Wpis z mikrobloga

Chyba mało która rzecz tak mnie irytuje jak gazetki reklamowe. No #!$%@?. #!$%@? się wszystkim dookoła, że konsumenci muszą zmienić podejście, że planeta ginie, że żyjemy na kredyt itd. No i super, zmieniam swoje nawyki, dbam o recykling, drukuje coś tylko w ostateczności. Ale obok mnie istnieją #!$%@? wielkie koncerny, które drukują miliardy gazetek reklamowych, żebym się dowiedział, że tylko teraz dwa papiery ścierne do dupy są w cenie jednego. Jak będę chciał sobie obczaić wasze promocje, to wejdę na stronę internetową debile.

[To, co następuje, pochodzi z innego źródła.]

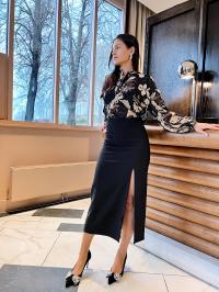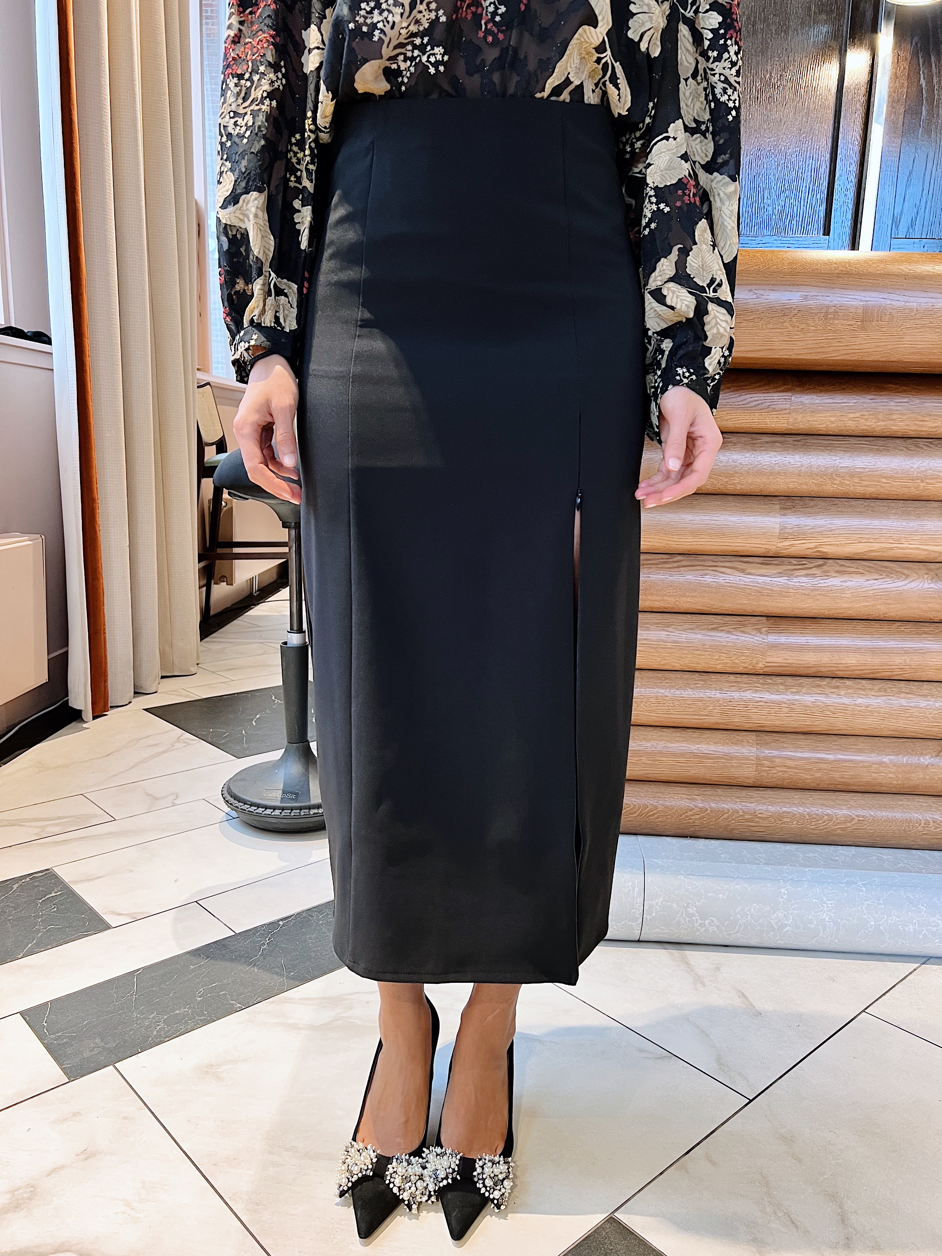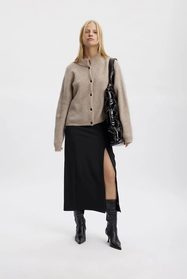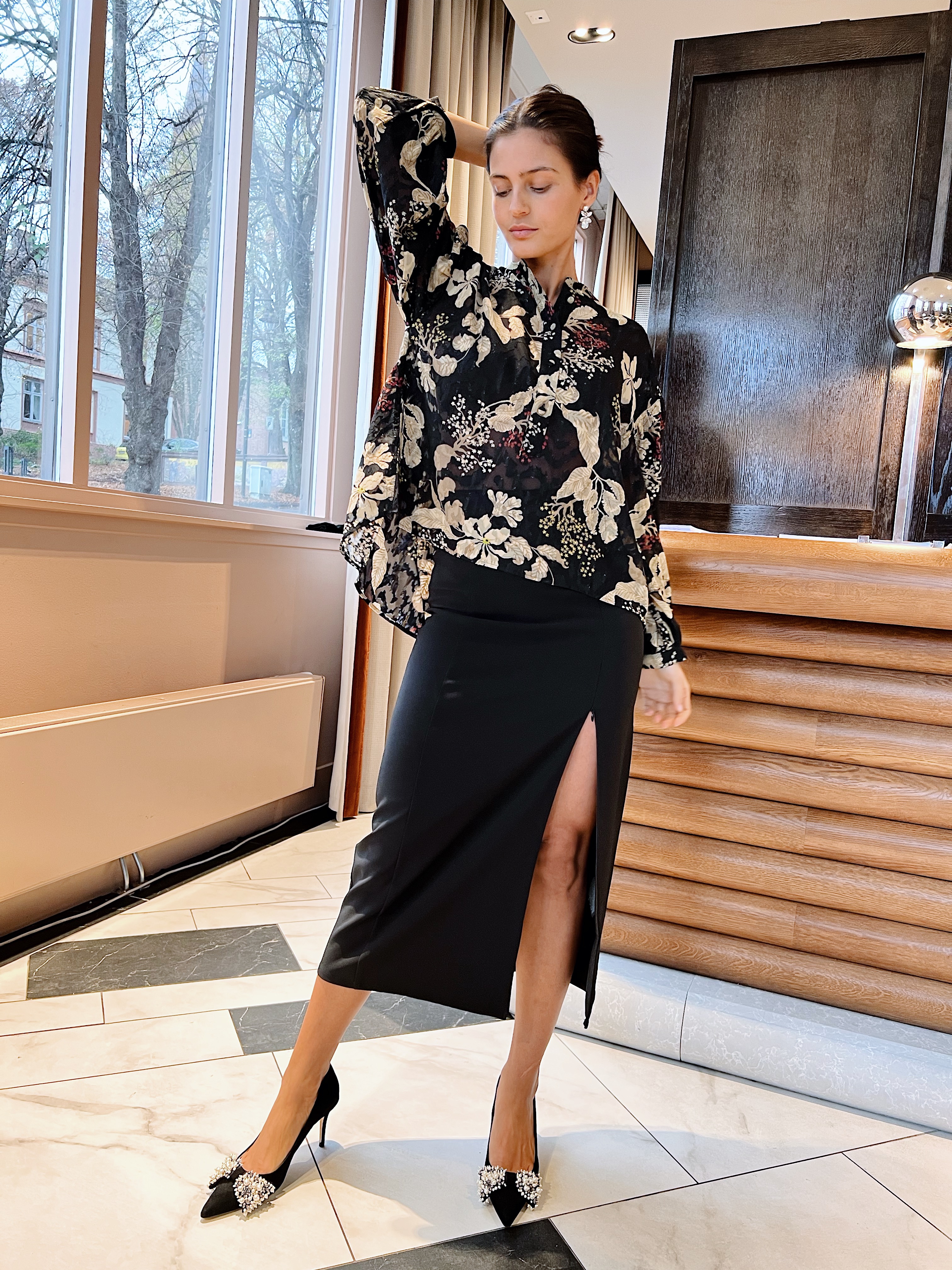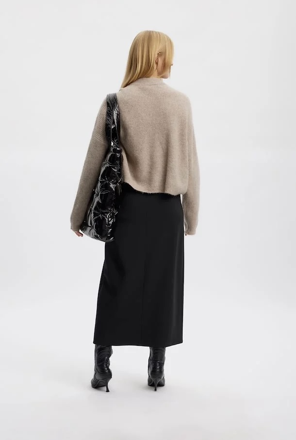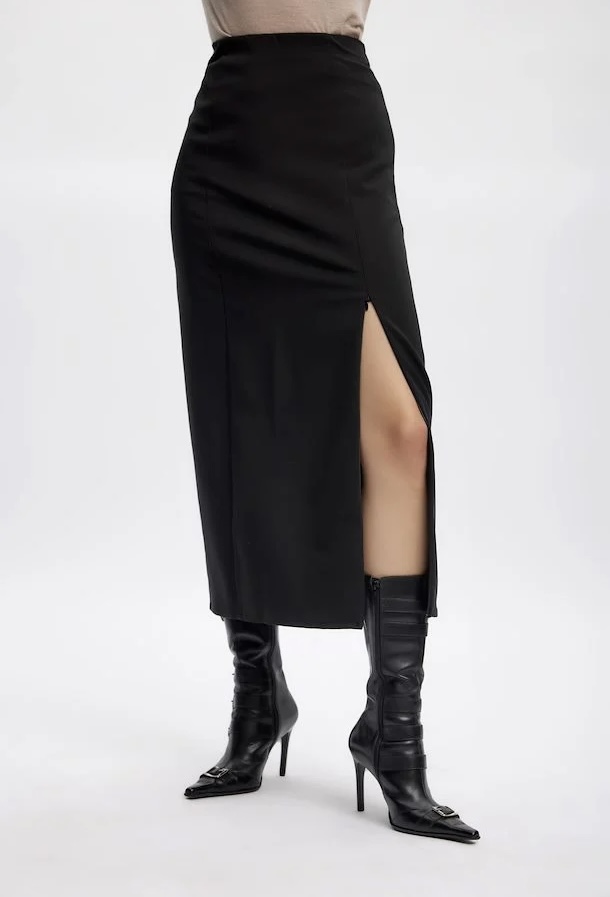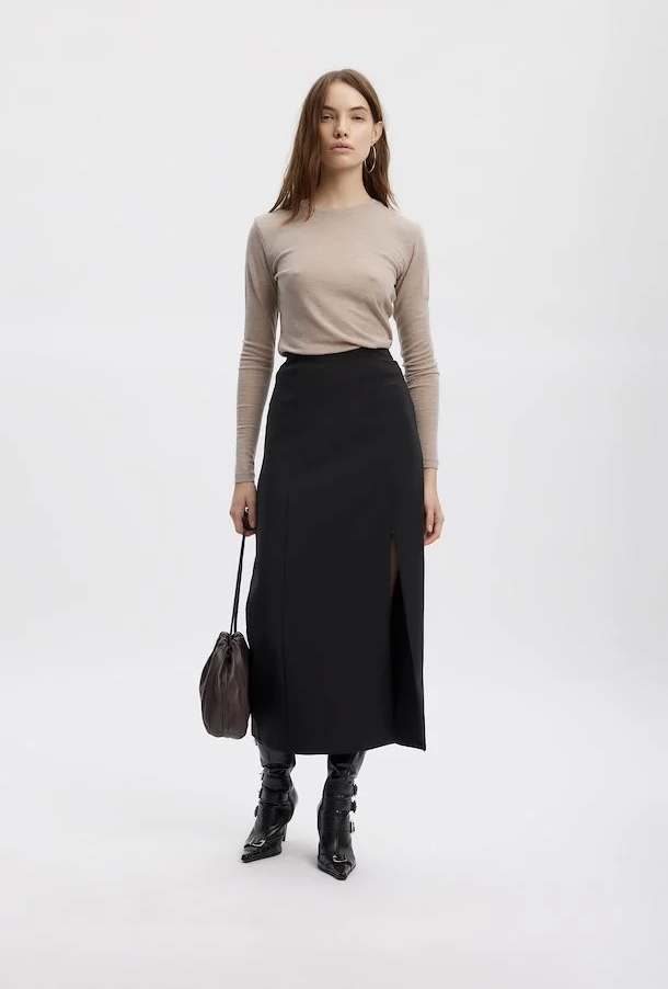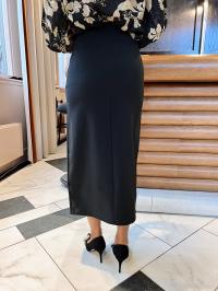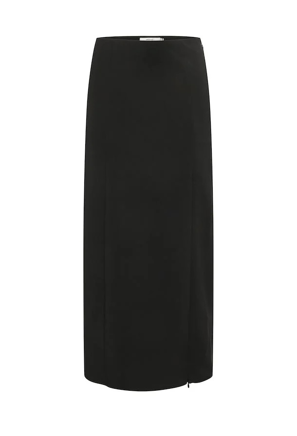 «Joelle long skirt» fra Gestuz. Klassisk sort skjørt med høy midje. Slim fit i fasongen og splitt på ene siden med glidelås. Lang i modellen og normal i størrelsen.

#ekologia #zerowaste #zalesie
  • 53
  • Odpowiedz
konto usunięte via Wykop Mobilny (Android)
  • 0
@Giacomina: tak jest ze wszystkimi. Dlatego polewkę mam z "lewakuff". Bo walczą o coś a jakaś firma jebnie flagę lgbt i już jest wszystko ok. A prawda jest taka, że te wielkie kołchozy nas wykorzystują. Wszystkich!
  • Odpowiedz
@Giacomina: gazetki reklamowe to c*uj. Mnie najbardziej boli nadprodukcja gówno wartych szmat które nadają się co najwyżej na 1 raz przez światowych gigantów mody. A potem ci #!$%@? taka karyna w tv że ona jest super eko bo kupuje mniej szmat (°°
  • Odpowiedz
@Giacomina: jakiś czas temu w biedrze były przynajmniej małe poręczne gazetki, że dało się je trzymać jedną ręką robiąc zakupy. Później zmienili na obecne duże, więc zmiana na minus, są nieporęczne oraz marnują więcej papieru.
  • Odpowiedz
@Giacomina: Mam to samo, najgorsze gówno. Gazetki i ulotki. Zastanawiam się czy nie namówić mojego osiedla i nie zacząć zbierać tego w garażu. Potem odesłać to do centrali.
  • Odpowiedz
@Giacomina: przychodzą do mnie gazetki selgrosu, żona zaznaczyła opcję przy rejestracji, chciałem zrezygnować już kilka razy. Mailowo się nie da. Podczas zakupów też nie mogę bo wymagana jest ta sama osoba co się zgodziła na gazetkę. Pokazanie karty selgros i podanie adresu nie wystarczy.
  • Odpowiedz
@Giacomina: w jednym bloku widziałam, że ktoś miał na skrzynce nalepkę staram się żyć ekologicznie, proszę nie wrzucać tutaj ulotek . Ostatnio jak byłam tam znowu, to już więcej sąsiadów tak miało. Być może to działa, zastanawiam się czy u siebie nie nakleić.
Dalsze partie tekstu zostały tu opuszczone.